I’m in this godawful weird place where I don’t know how to live my life. I don’t know where to look for my son, I don’t know what waiting looks like, and I still have responsibilities.  I just got a reminder that I need to order books for my classes this fall, another reminder that I have to set a date for an upcoming Kiwanis installation, my cat wants food AND snuggles, and I have a pile of things that require my attention. It’s all my stuff. None of it’s bad. It’s just stuff I need to do.

And yet, when I take shaky steps forward, practice being present, small black shards splinter off inside me.

 

weeping woman picasso-1937

My youngest son said yesterday, “Mom. You forgot that last time Jake cut you off, he wasn’t going to tell you then, either. You found out by accident. Remember?” I haven’t really processed this statement. I don’t even know how. Is Jake being a nomad, or is he dead? Is he all right? Does he have enough to eat?

 

[See painting and info here.]

 

Reality is…all the shards.

 

Blog of Missing: Day 39

3/1/2016 1:41 PM to CMTN GRDN/CA (310) 345-####  1 min.

This line of text kept me up last night.

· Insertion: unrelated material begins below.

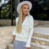 The delicate top is made of cotton thread, a perfect choice for pairing with dresses or jeans.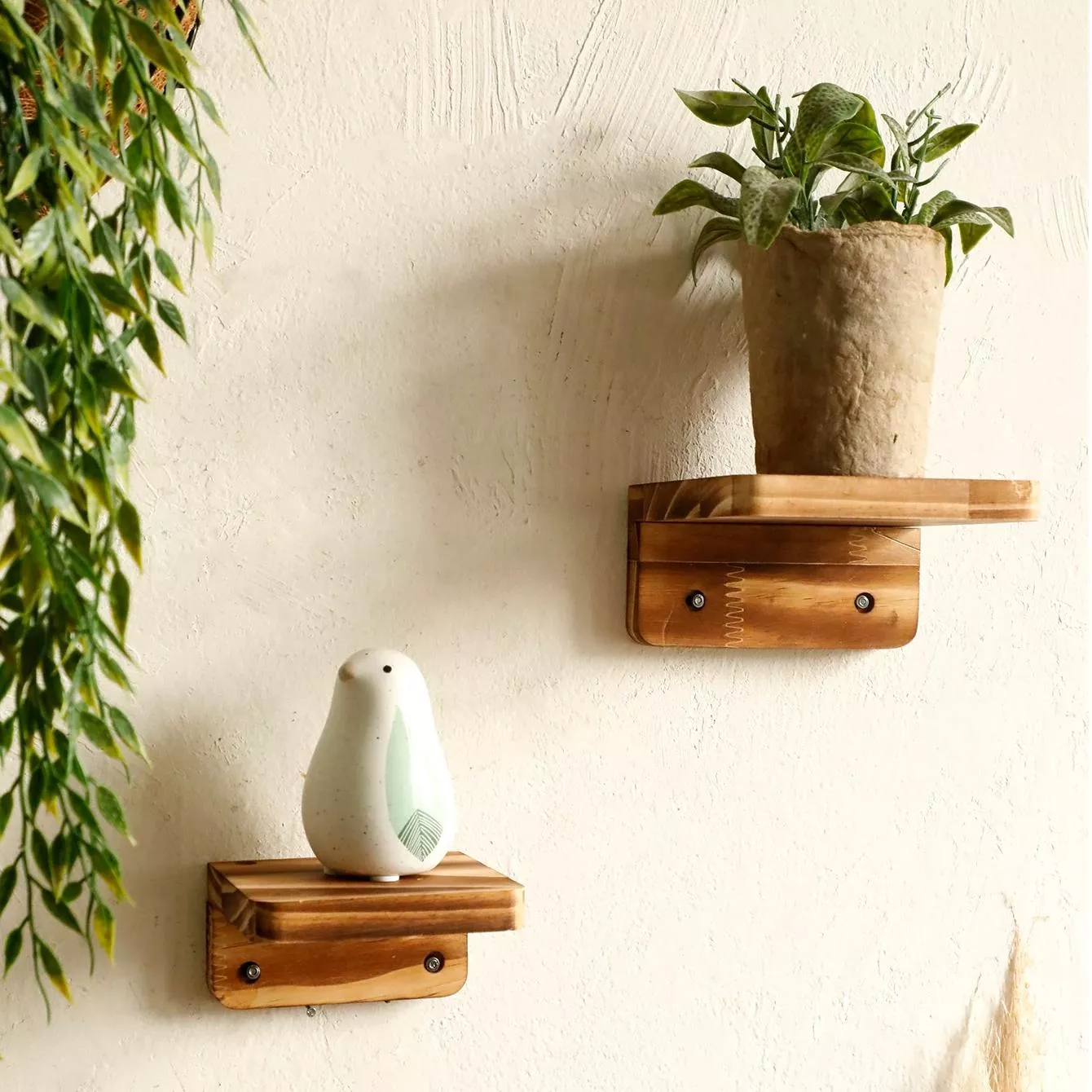 Boho Floating Wooden Wall Shelf for Living Room, Bedroom & Office

That, and the fact that I didn’t know my son needed to hear his friend’s voice.
Of course he did.

And I didn’t know how to create a space that encouraged him to grieve.

 

I’m bugging my own self here, now, because his grief is private, is supposed to be private, and I’m putting him on blast while I deal with my own grief, and how fair is that?

I’m opting to do it anyway because the subject is typically verboten in our fussy society. Grief is messy, and no one wants to see your splotchy face and raw emotions. Keep it under wraps, please. I myself am not dealing with anyone putting the stomp on me, but I wonder if Jake did. Or if he dealt with some invisible pressure to keep a strong face…. Or maybe that was his interpretation. Did he feel like he wasn’t allowed to show sadness?
If so, why?

I want to hurry through sadness, or to avoid it entirely.
Sadness, and fear, and unknowing. I’m in the space of all three at once.
Is my suffering caused by my expectation that I should not have to deal with these things? (Seriously, though. I have had enough, I think. There should be a cut-off point, at which time anything that goes over that line should be diverted like run-off to the sea. –> Nope, no room in this drain, off you go.)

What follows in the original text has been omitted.